As well as advocacy and reform campaigns, the development of self-help and user/survivor controlled services is a central issue. The Runaway-House in Berlin, Germany, is an example. Run by the Organisation for the Protection from Psychiatric Violence, it is an antipsychiatric crisis centre for homeless survivors of psychiatry where the residents can live for a limited amount of time and where half the staff members are survivors of psychiatry themselves. In Helsingborg, Sweden, the Hotel Magnus Stenbock is run by a user/survivor organization “RSMH” that gives users/survivors a possibility to live in their own apartments. It is financed by the Swedish government and run entirely by users. Voice of Soul is a user/survivor organization in Hungary. Creative Routes is a user/survivor organization in London, England, that among other support and advocacy activities puts on an annual “Bonkersfest”.

WNUSP is a consultant organization for the United Nations. After a “long and difficult discussion”, ENUSP and WNUSP (European and World Networks of Users and Survivors of Psychiatry) decided to employ the term (ex-)users and survivors of psychiatry in order to include the identities of the different groups and positions represented in these international NGOs. WNUSP contributed to the development of the UN’s Convention on the Rights of Persons with Disabilities and produced a manual to help people use it entitled “Implementation Manual for the United Nations Convention on the Rights of Persons with Disabilities”, edited by Myra Kovary.
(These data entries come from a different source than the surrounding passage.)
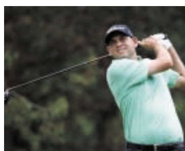
Bill Haas of the US watches his tee shot on the second hole during the third round of the Memorial Tournament at Muirfield Village Golf Club in Dublin, Ohio on 1 June, 2013 in this file picture.

Webb Simpson and Luke Donald failing to do well enough in the final round, Haas beat compatriot Hunter Mahan in a thrilling playoff to clinch the Tour Championship along with the FedExCup and its $10 million bonus.
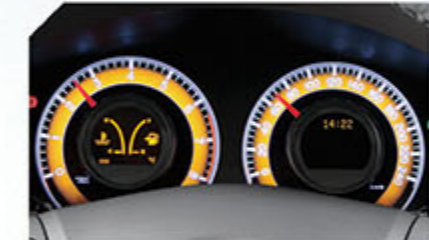
LED MULTI-FUNCTION INSTRUMENT PANEL WITH TRIP COMPUTER
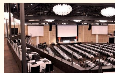
A preview of the venue.

Newsletter is issued in electronic form only by The International Society for Electroporation-Based Technologies and Treatments (ISEBTT).
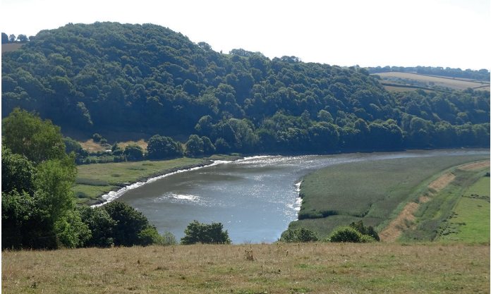
The River Tamar from East Down
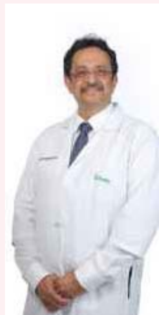
Dr Mohan Keshavamurthy

Currently, high grade bladder cancer in India is treated with BCG intravesical immunotherapy. However, a large proportion of patients experience a recurrence. If BCG becomes unresponsive, then a cystectomy (removal of the bladder) has to be performed. Some patients may not be considered for this option due to side effects. Approximately 50% of patients with bladder cancer develop recurrence after BCG therapy. HIVEC helps in bladder preservation strategy for such patients.
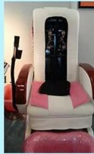
Human touch massage

ENUSP is consulted by the European Union and World Health Organisation.

In 2007 at a Conference held in Dresden on “Coercive Treatment in Psychiatry: A Comprehensive Review”, the president and other leaders of the World Psychiatric Association met, following a formal request from the World Health Organisation, with four representatives from leading consumer/survivor groups.

The National Coalition for Mental Health Recovery (formerly known as National Coalition for Mental Health Consumer/Survivor Organisations) campaigns in the United States to ensure that consumer/survivors have a major voice in the development and implementation of health care, mental health, and social policies at the state and national levels, empowering people to recover and lead a full life in the community.
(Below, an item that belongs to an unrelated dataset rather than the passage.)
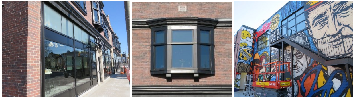
Restoration work conducted and the finished building

The United States Massachusetts-based Freedom Centre provides and promotes alternative and holistic approaches and takes a stand for greater choice and options in treatments and care. The centre and the New York-based Icarus Project (which does not self-identify as a consumer/survivor organisation but has participants that identify as such) have published a Harm Reduction Guide To Coming Off Psychiatric Drugs and were recently a featured charity in Forbes business magazine.
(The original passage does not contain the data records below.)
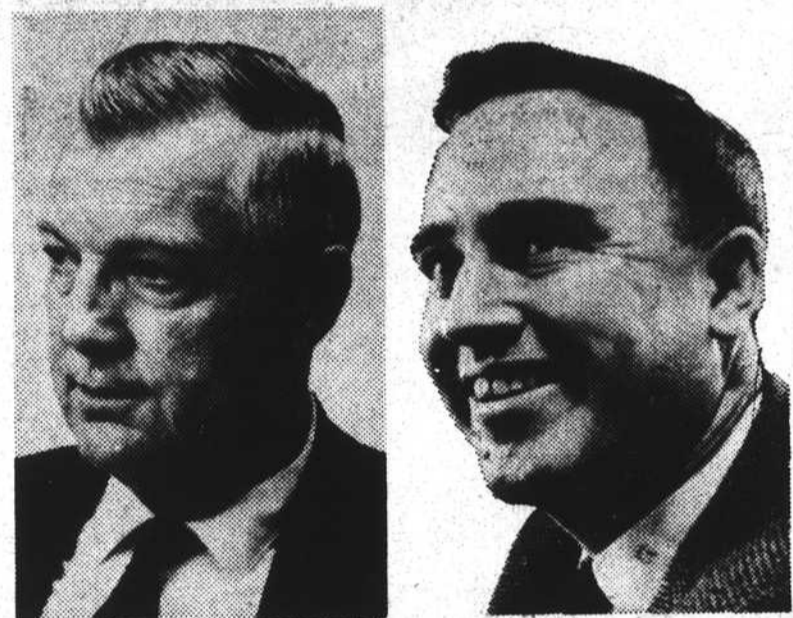
DAN K. MOORE
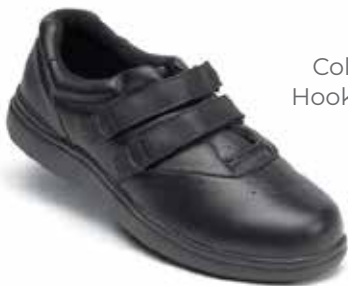
S136-1 Color: Black Hook and Loop
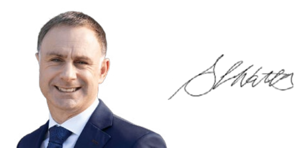
Hon Simon Watts Minister of Local Government
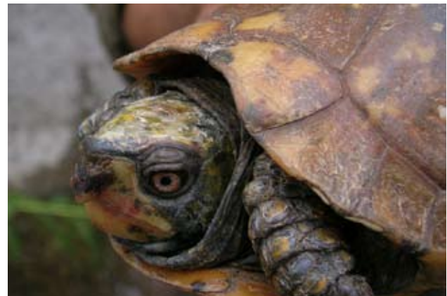
Figure 3. Old adult male Terrapene nelsoni klauberi , Rio Aros, Sonora.

Mad pride events, organised by loosely connected groups in at least seven countries including Australia, South Africa, the United States, Canada, the United Kingdom and Ghana, draw thousands of participants. For some, the objective is to continue the destigmatisation of mental illness. Another wing rejects the need to treat mental afflictions with psychotropic drugs and seeks alternatives to the “care” of the medical establishment. Many members of the movement say they are publicly discussing their own struggles to help those with similar conditions and to inform the general public.

Survivor David Oaks, director of MindFreedom, hosted a monthly radio show and the Freedom Centre initiated a weekly FM radio show now syndicated on the Pacifica Network, Madness Radio, hosted by Freedom Centre co-founder Will Hall.

A new International Coalition of National Consumer/User Organisations was launched in Canada in 2007, called Interrelate.

Impact

Research into consumer/survivor initiatives (CSIs) suggests they can help with social support, empowerment, mental wellbeing, self-management and reduced service use, identity transformation and enhanced quality of life. However, studies have focused on the support and self-help aspects of CSIs, neglecting that many organisations locate the causes of members’ problems in political and social institutions and are involved in activities to address issues of social justice.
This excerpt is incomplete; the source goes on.